The fact is that the NCAA, both itself as an organization and on behalf of hundreds of college athletic departments, has enjoyed several decades of having the best of both worlds. On the one hand, they have several highly desirable properties — college football and the men’s basketball tournament — which they have been able to exploit to the tune of millions of dollars a year; on the other hand they pay the top producers of those properties — star athletes in football and men’s basketball — a fraction of their value, preaching the virtues of “amateurism”.
It’s important to remember that amateurism is defined by the NCAA itself, and has been re-defined at will over the decades. Once upon a time, amateurism briefly meant no compensation at all, including athletic scholarships. Over the years this definition has gradually been stretch to include not only scholarships, room and board, extra academic services (e.g. tutoring), and book stipends. Over the last two years, the NCAA has floated the idea of allowing conferences to allow member schools to pay athletes up to $2,000 over and above all those costs. Clearly, the NCAA is comfortable going well beyond the bounds of any common-sense definition of “amateur”.
The problem posed by all this is that the NCAA’s official top tier — Division I Football Bowl Subdivision, once known as Division I-A — is already in a fairly tenuous situation. The gap between the real top, the schools of the Big Ten, PAC-12, SEC, Big XII, and ACC, and the lower end of the subdivision, the MAC, Sun Belt, and WAC, has never been bigger, and allowing conferences to pay athletes more will only increase that gap. Meanwhile, the O’Bannon lawsuit adds the spectre of market-based pay to top athletes as well as a potential need to break up the NCAA.
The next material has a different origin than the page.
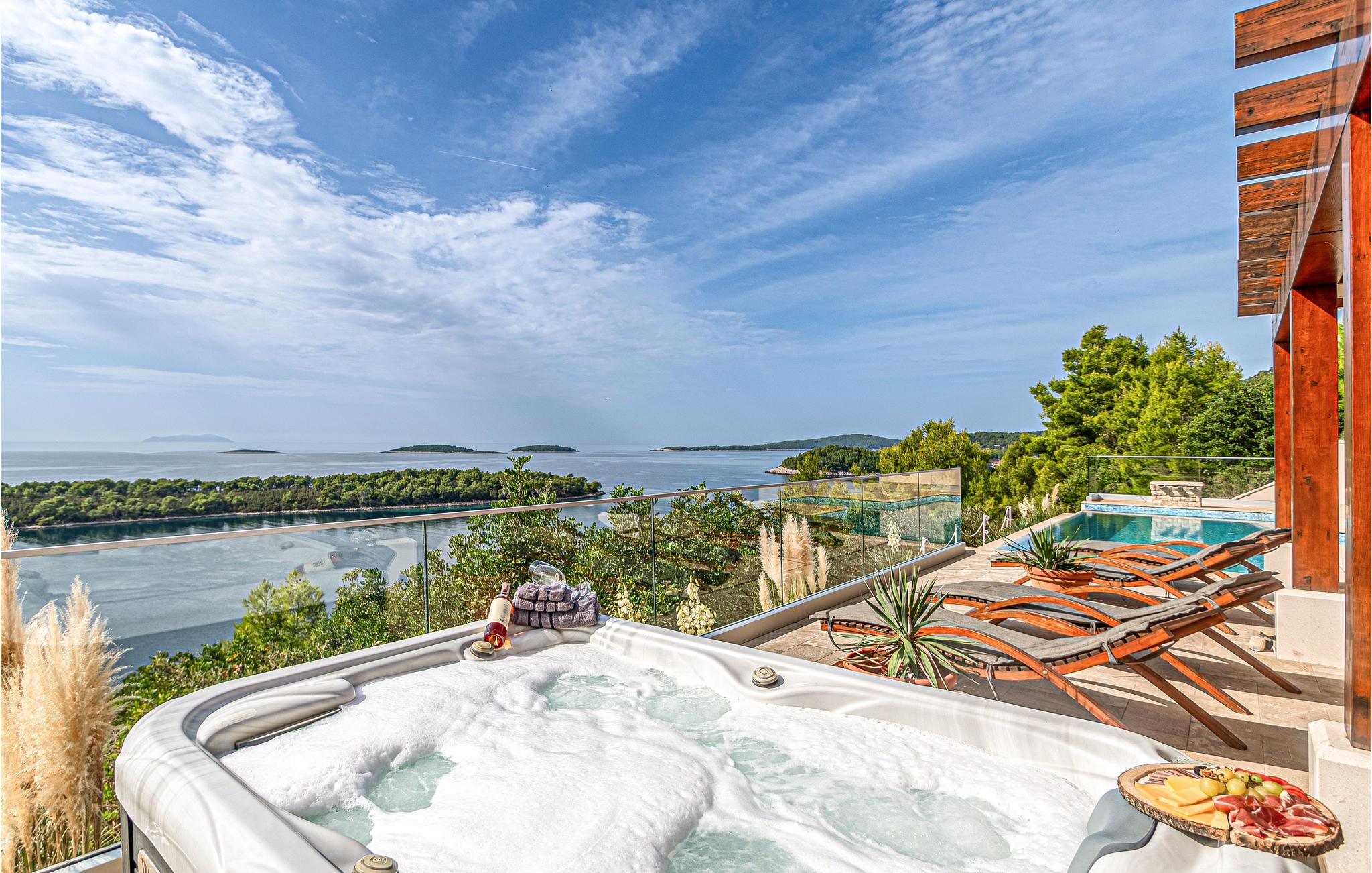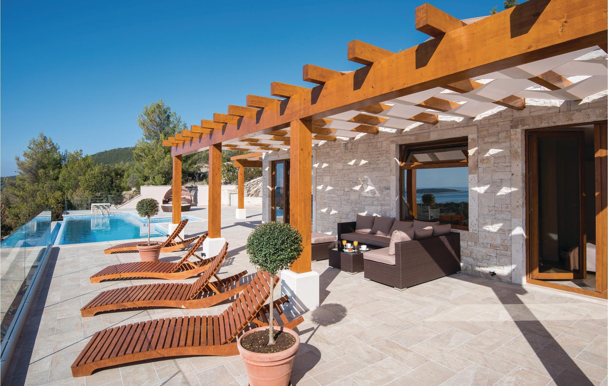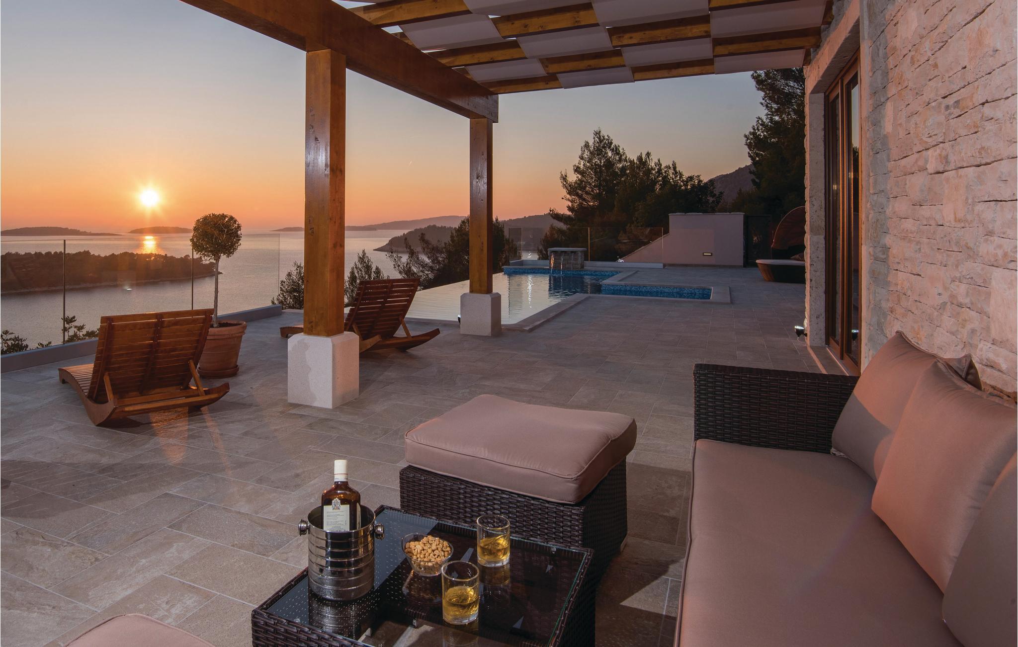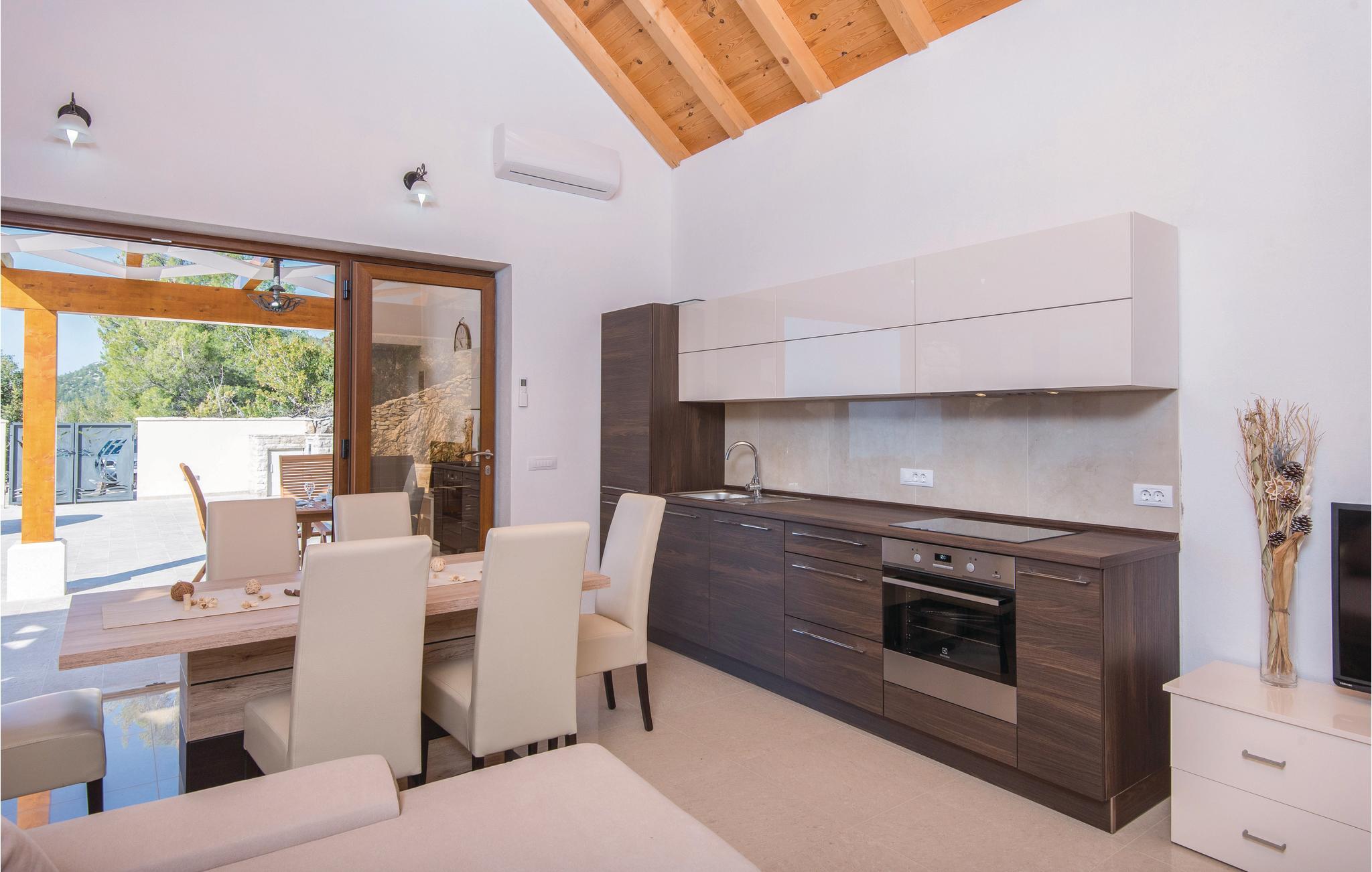På en bakketop over den skønne Karbunibugt ligger dette feriehus. Det er omgivet af en skøn og uberørt natur og herfra er der en skøn panoramaudsigt over havet og naboøerne. Huset er indrettet meget moderne og rustikt i en charmerende blanding. I stueplan ligger køkkenet i åben forbindelse med køkkenet og et soveværelse med badeværelse en suite. Der er også et soveværelse og et badeværelse i et galleri, som I kommer op til ad en vindeltrappe. I haven ligger den rummelige terrasse og en pool med en børneafdeling. Udforsk byen på dagsture til de nærliggende byer Vela Luka, Blato og Prigradica hvor I kan lære de lokale skikke at kende og lære mere om området interessante kultur og historie. De sidste 500 m op til huset er en grusvej, der ikke er egnet til lave biler. De sidste 150 meter er med fliser.

The obvious solution would be for top schools to leave the NCAA (at least for football) en masse, and to establish some sort of new semi-pro league. It would be a risky move, with the potential to create significant political problems, but it would resolve the issue of the divide within FBS (by increasing the divide), would resolve the “amateurism” issue, and mitigate any future antitrust concerns. I’m not saying that’s going to happen, but it would certainly solve a lot of the association’s problems.